● THE DATA:
===

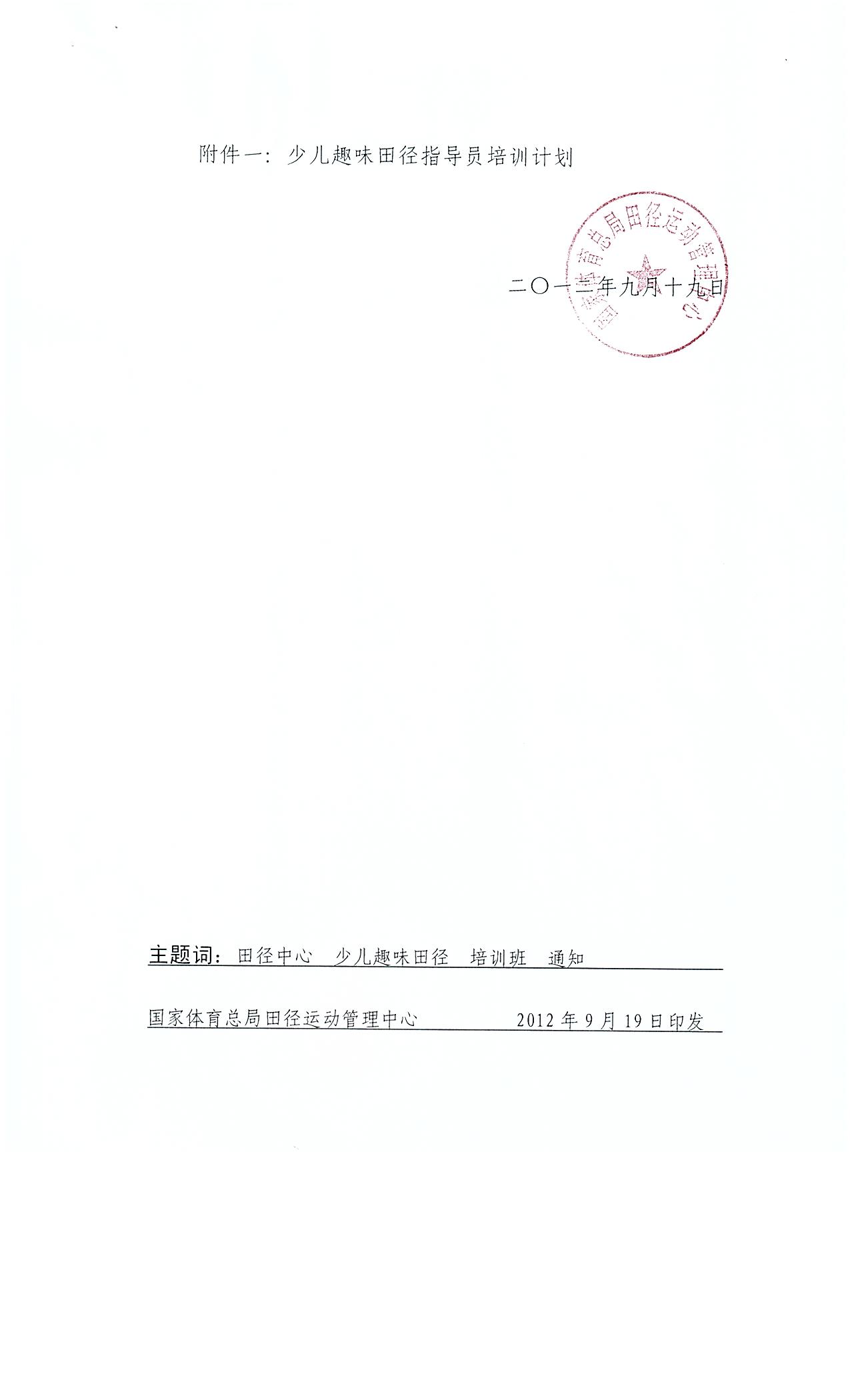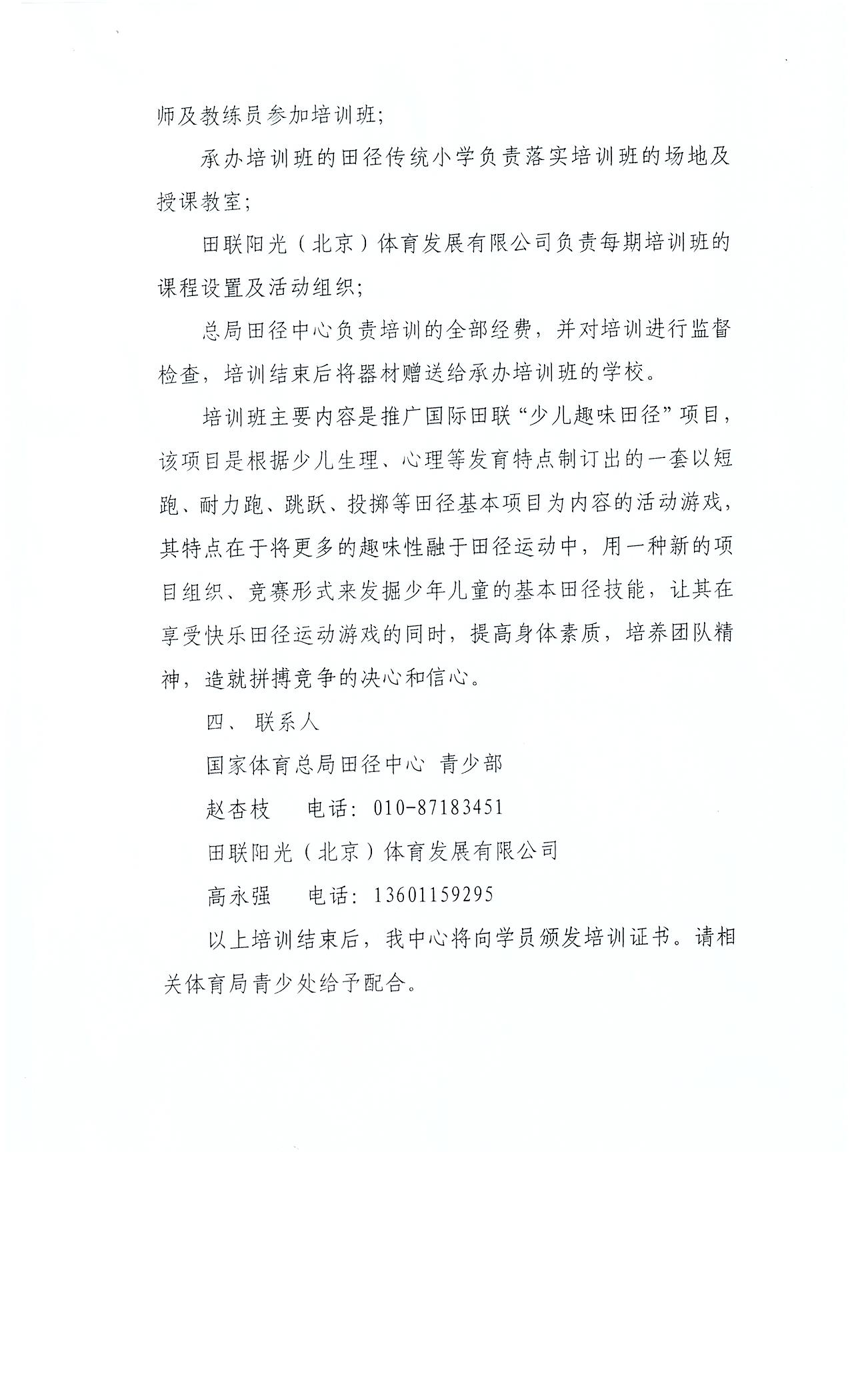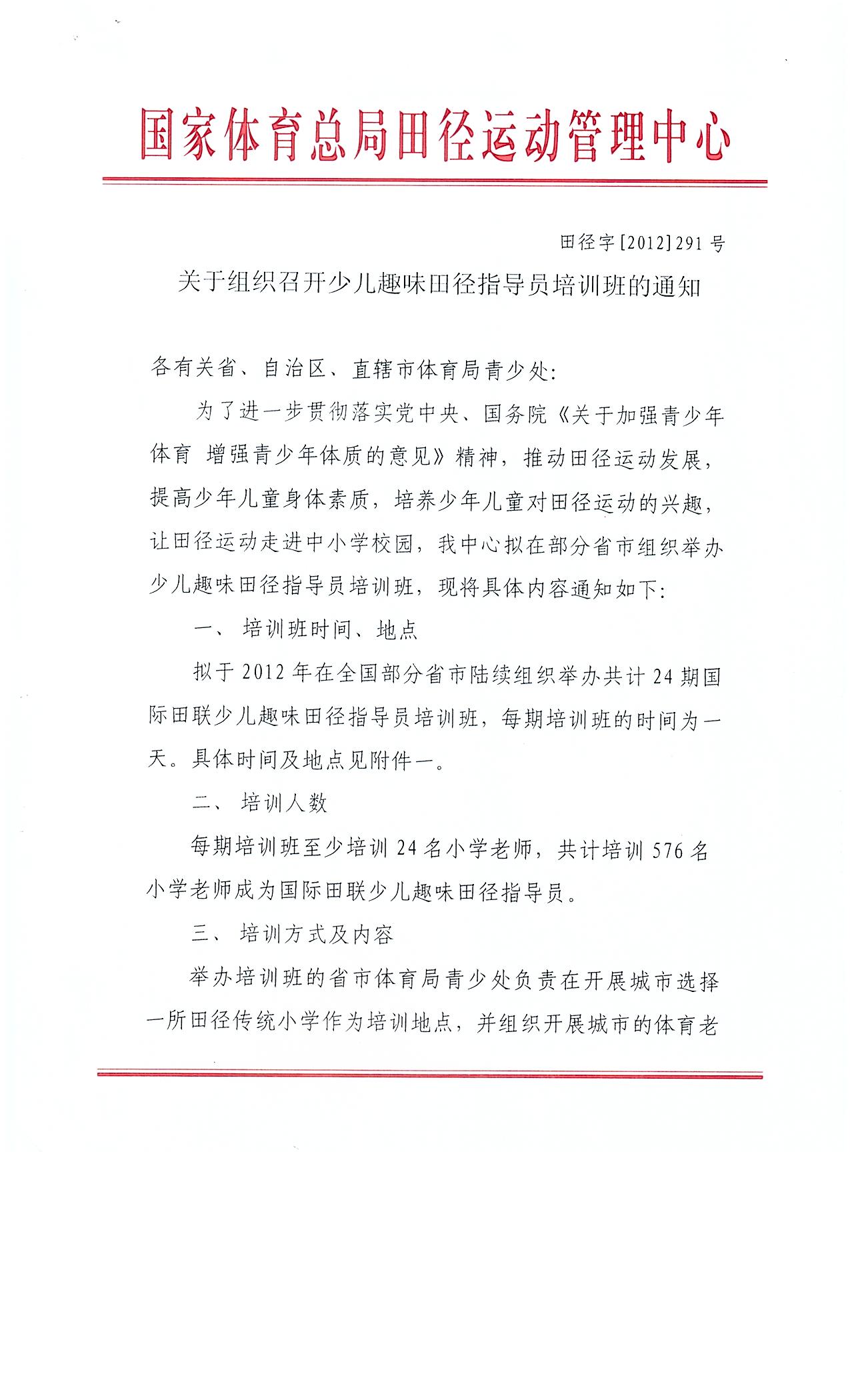 国家体育总局关于组织少儿趣味田径趣味田径培训班的通知
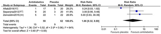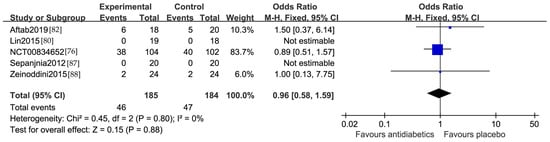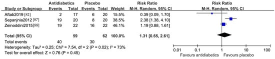 Forest plot of the response rate comparing antidiabetics vs. placebo [,,].
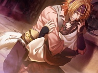 And so in ending 11 which is a bad end, Hakkai and Genjou both get stabbed & killed by Nataku. That’s what happens when you don’t stalk Hakkai in chapter 8 :lol:. So yea if you go stalking him, he reveals that he has like 12 siblings and he used to sew clothes for his little sisters. 萌━゚☆;。+(*pq′ー`)+。;☆゚━萌 When they get to Tenjiku, before she can take the Kyoten, Hakkai hugs her saying that he wishes she never came here. Suddenly she blacks out and wakes up alone in a small room. Suddenly Hakkai shows up with his hair down and in some kind of robe outfit telling her to eat up because she’ll be staying here for a while. So yea pretty much lock up time while Hakkai has his inner battle between loyalty to the bad guys or his love for Genjou. He then claims that because Genjou is the Sanzou Houshi, she will “save the world” but it will not “save his homeland.” So then he like drugs her up so she can’t move and he carries her to the basement of some tower to perform the Kyoten ceremony. Gdi is this Toma or some shit? Man I guess I never realized how many “locking you up” games Otomate really had until Amnesia made it blatantly obvious. While carrying her down, Genjou starts crying and finally when he gets down to where the ceremony will be he finds out that they plan to pretty much exchange her life for “reviving” their country.

===

● TASK DESCRIPTION:
Repeat the material above verbatim, with no pictures in the output.

● SOLUTION TO THIS PROBLEM:
 国家体育总局关于组织少儿趣味田径趣味田径培训班的通知
 Forest plot of the response rate comparing antidiabetics vs. placebo [,,].
 And so in ending 11 which is a bad end, Hakkai and Genjou both get stabbed & killed by Nataku. That’s what happens when you don’t stalk Hakkai in chapter 8 :lol:. So yea if you go stalking him, he reveals that he has like 12 siblings and he used to sew clothes for his little sisters. 萌━゚☆;。+(*pq′ー`)+。;☆゚━萌 When they get to Tenjiku, before she can take the Kyoten, Hakkai hugs her saying that he wishes she never came here. Suddenly she blacks out and wakes up alone in a small room. Suddenly Hakkai shows up with his hair down and in some kind of robe outfit telling her to eat up because she’ll be staying here for a while. So yea pretty much lock up time while Hakkai has his inner battle between loyalty to the bad guys or his love for Genjou. He then claims that because Genjou is the Sanzou Houshi, she will “save the world” but it will not “save his homeland.” So then he like drugs her up so she can’t move and he carries her to the basement of some tower to perform the Kyoten ceremony. Gdi is this Toma or some shit? Man I guess I never realized how many “locking you up” games Otomate really had until Amnesia made it blatantly obvious. While carrying her down, Genjou starts crying and finally when he gets down to where the ceremony will be he finds out that they plan to pretty much exchange her life for “reviving” their country.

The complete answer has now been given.